Амосов поблагодарил господина начальника за внимание и предоставленную ему возможность побывать в родном Берлине. Затем по просьбе Бургета он подробно рассказал ему о том, как в 1911 году был откомандирован в военную разведку, окончил специальную школу и направлен в Гатчино, чтобы собрать данные о первом в мире многомоторном самолете «Илья Муромец».
Амосов долго разговаривал в этот день с Бургетом, который очень внимательно слушал, делая изредка какие-то записи в своем блокноте. В конце беседы Бургет предложил Амосову отдохнуть месяц-другой, познакомиться за это время с Берлином, а уж потом приступить к работе.
— Вам надо месяца три поработать у нас, — сказал он. — За это время вы ознакомитесь с нашей системой — в ней много нового, а также с современной диверсионной техникой, радиоаппаратурой и прочим. Все это очень вам пригодится, герр Шпейер. А затем снова вернетесь в вашу милую Россию. Пока еще не решено, какая именно работа будет вам поручена, это во многом зависит, сами понимаете, от положения на фронте. Во всяком случае, мы учтем и ваш многолетний опыт и ваши пожелания. А пока отдыхайте, развлекайтесь, наслаждайтесь воздухом Германии.
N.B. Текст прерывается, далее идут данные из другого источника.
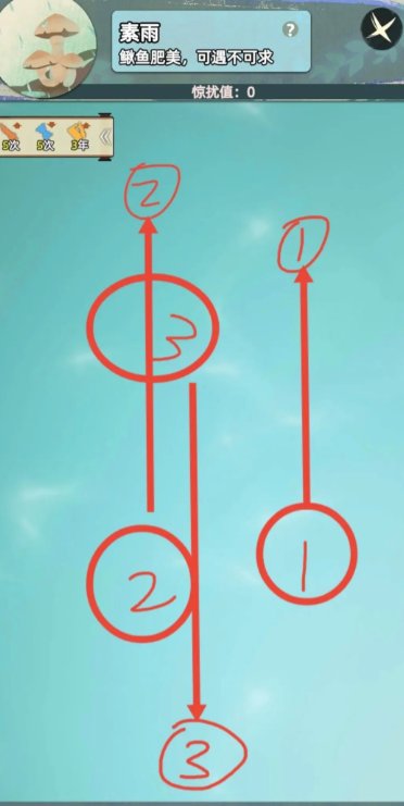 重点来了,如果一开始就点到【3】号点,鱼向下运动轨迹会和【2】号点重叠,这样的话,就容易同时触发两条鱼同时运动。一来不好抓,二来惊扰值飙得快。

На этом закончился их первый разговор. Амосов стал «отдыхать». Он продолжал жить в той же гостинице и ежедневно совершал большие прогулки по Берлину и его окрестностям. Он приглядывался к жизни города, настроениям людей, организации системы снабжения, торговли, внутренней пропаганды.
В Берлине было уныло.
С Восточного фронта непрерывно приходили поезда с ранеными. Власти, не желая, чтобы население знало об этих бесконечных эшелонах, дали указание принимать поезда с ранеными только по ночам. Но, несмотря на все принятые меры, берлинцы узнавали об этом страшном потоке, хлынувшем с востока. Через медицинский персонал военных госпиталей, санитаров, врачей, шоферов автобусов, перевозивших раненых, население узнало о страшных потерях на фронте. Правда, об этом передавали друг другу по секрету, шепотом, на ухо, с оглядкой, но шепот этот заглушал трескучие немецкие марши, непрерывно передаваемые по радио, и истошные вопли фюрера, время от времени поздравлявшего Германию с «историческими победами немецкого оружия».
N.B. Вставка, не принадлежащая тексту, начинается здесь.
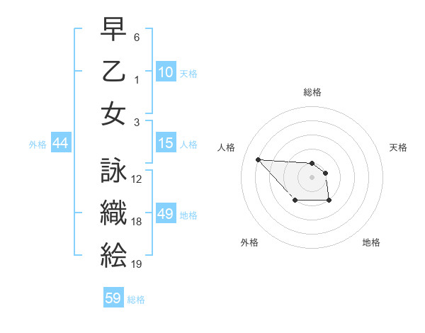 早乙女 詠織絵さんを姓名の画数から五運を鑑定

Амосов все больше узнавал жизнь в гитлеровской Германии. Но главное было, конечно, впереди, и он с нетерпением ждал того дня, когда явится в гестапо и приступит к работе, о которой говорил ему Бургет.
Наконец, этот день наступил. Амосов точно в назначенный час явился в гестапо.
— Ну, как вы отдыхали? — спросил его Бургет, по обыкновению внимательно его разглядывая. — Мне кажется, вы много гуляли, ездили по городу, набирались впечатлений?
— Совершенно верно, господин фон Бургет, — ответил Амосов, который несколько раз замечал, что состоит под наблюдением и что по его пятам нередко следует «хвост».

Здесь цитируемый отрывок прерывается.